Of the many things discussed in today’s lesson Klinghammer’s Strength, Weaknesses, Opportunities, Threat (SWOT) struck me as the freshest and most relevant point of learning. I observe that we are generally well trained to evaluate things for their Strengths and Weaknesses. However, the dimensions of Opportunity and Threat are something often neglected. A lot of intelligent people with brilliant ideas do not succeed in getting their projects off the ground because of this very real problem.

Opportunity: No matter how viable a project is, without a thorough exploration of the opportunities it presents, one will likely miss ways in which the project could be fully exploited for maximum productivity. Application is always a problem in risk-adverse Singapore. In my experience it is rather annoying, if not demoralising, that whenever I propose a new idea, the first thing that comes out from majority of Singaporeans I speak to is “it can’t be done” or “that’s idealistic.” So much for the entrepreneurial spirit that the government is now desperately trying to instil and encourage.
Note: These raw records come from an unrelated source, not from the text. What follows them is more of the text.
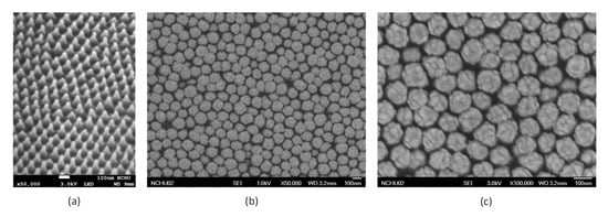 According to our previous work [], the largest area that could be realized avoiding defects by implementing hot-embossing plus sputtering process method is 120 × 80 mm. The most important step is to produce large-area AAO nanostructures by anodizing. During anodizing, if the surface electric field is unevenly distributed, it will cause uneven oxidation speed and uneven size distribution of nanostructures. Therefore, it is necessary to avoid boundary effects and ensure uniform electric field distribution. In addition, it is necessary to ensure that the pressure is evenly applied to the PC substrate during hot-embossing, otherwise the structure may be different in depth due to uneven force. A vacuum design can be considered to avoid bubbles.
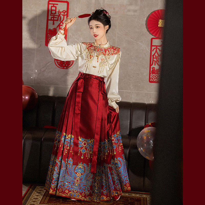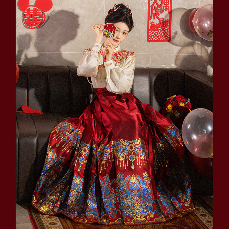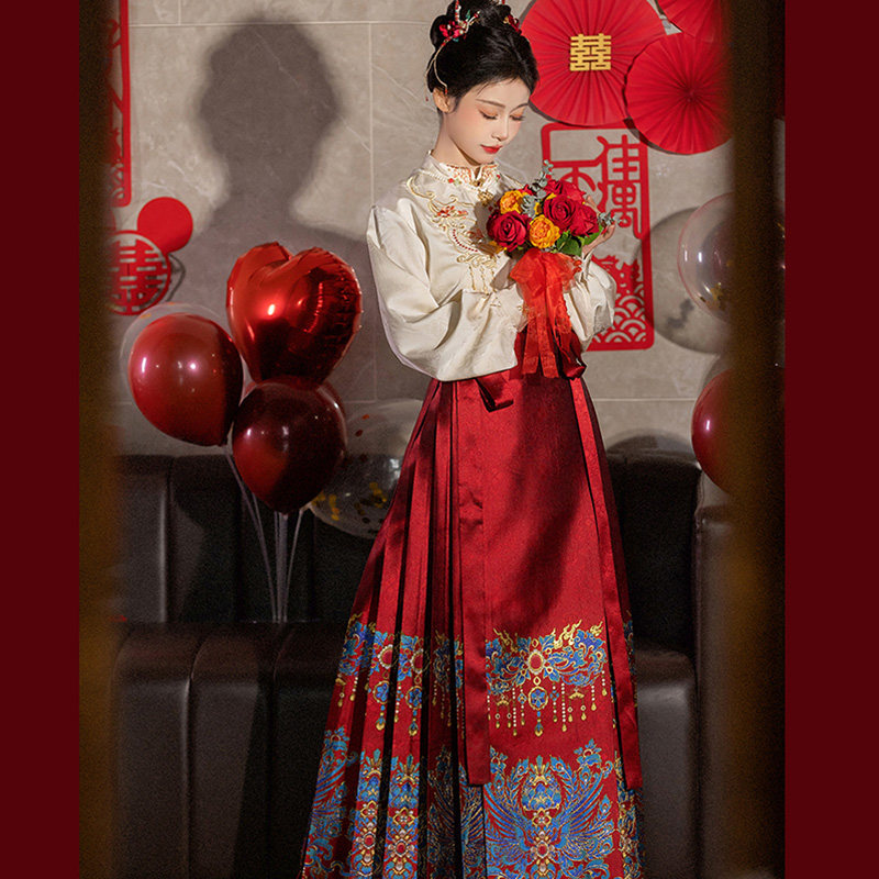 Красное свадебное платье, комплект, ханьфу, вечернее платье, китайский стиль
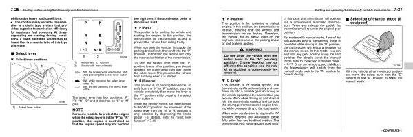 When the ignition switch has been turned to the “ ACC ” position , the movement of the select lever from the “ N ” to “ R ” position is only possible by depressing the brake pedal . For details , refer to “ Shift lock function ” F7-29 .
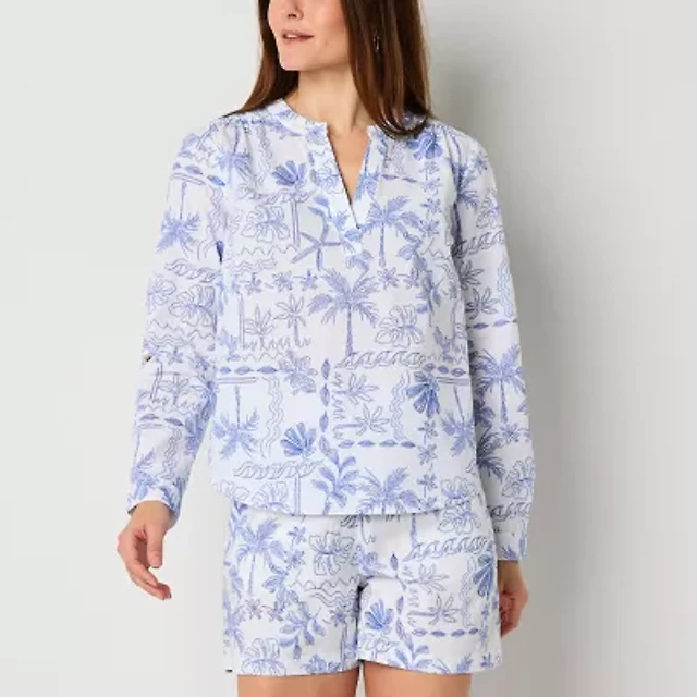 St. John's Bay Womens Round Neck Long Sleeve Blouse

Threats: Often when one has a brilliant idea one can fall into the trap of assuming that everyone else will see the logic behind the idea. One can be blinded by political, social and cultural biases that may see the proposal as a threat to their status quo and plenty of people may not want to see the project successful. Even Confucius, being as brilliant as he was, failed to understand how his ideas could have been rejected by his countrymen again and again until his death. Lao Tze, when uttering the quotation above, displayed deeper insight into the nature of men than Confucius in this sense.

Applying my observations to the political situation in Perak [everyone is offering their two sen's worth, so I might as well jump in the bandwagon for posterity's sake] this lesson appears to be something the BN government has learned well—to study a situation and seize the Opportunity. And the Pakatan Rakyat has yet to learn to evaluate seriously the Threats instead of naively resting on its laurel. [To be fair, hindsight is always 20-20.]

It's Chap Goh Mei, and the Lion Dancers are banging away on their drums downstairs. It made me think: how like the BN to open the Chinese New Year so "Ox"-piciously by "steer"-ing the coup-d'tat, "bull"-dozing it's way and "cow"ing the Perakians into submission. Not to mention the cock-and-"bull" stories the four frogs gave. Negaraku: what a sad state of affairs you are in. Sigh!